Plot Story Structure – Narrative Arc

Of all the elements of writing in things that I read, plot is of least interest, unless it's so painfully awful that it ruins the other elements.

Agreed.

In non-genre writing, especially the best of it, story is usually a vehicle or a trellis that exists to carry other elements of the work. It need only be serviceable, and should not distract from the main points by being too bad or too exciting. The latter is a form of appealing to baser instincts IMO.

Smilla's Sense Of Snow kind of spoiled its literary promise that way. But it thereby fulfilled its commercial promise, and the author made his choice.
 
Speaking of Smilla, there was BTW an interesting controversy around its translation. Like many educated Europeans I've met, Høeg was vain of his non-native English. He insisted on "improving" the professional translation by Tiina Nunnally, a highly capable and respected translator, and it led in the end to the publication of two English translations, one in the UK and the other elsewhere. Høeg's UK version had a number of characteristic Euro-English (a pidgin of sorts, distinct from the UK English it fancies itself to be) flaws and is interesting in that right.

Rather than go further into my own perspective, I'll leave this discussion here.

(Who knows best? Style, meaning and the Smilla controversy)
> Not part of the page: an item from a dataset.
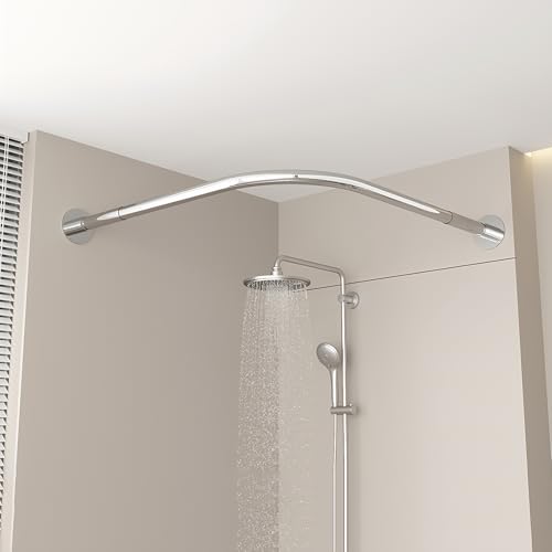 Tringle de douche sans perçage en forme de U - Support d'angle - Barre de rideau de douche en acier inoxydable - Réglable pour salle de bain, toilettes, vestiaires

That's one of quite a few discussions available today.

I first read the book in Swedish, closely related to the original Danish but not without its own translation challenges vis-a-vis the original, then in Nunnally's translation and then Höeg's.
 
Ha! I posted the raw URL for info, and Xenforo looked up the title on its own and replaced the raw URL with a titled link. Not gonna try to fuss around with it.
 
Save the Cat etc are mostly for new writers starting out, gives them the basic structure for a story, but your focus once you get into it, should be to move beyond it, cause most great stories don't follow it. You'll learn how the bits fit together to make a workable story, but nothing will teach you to really understand like reading good books will.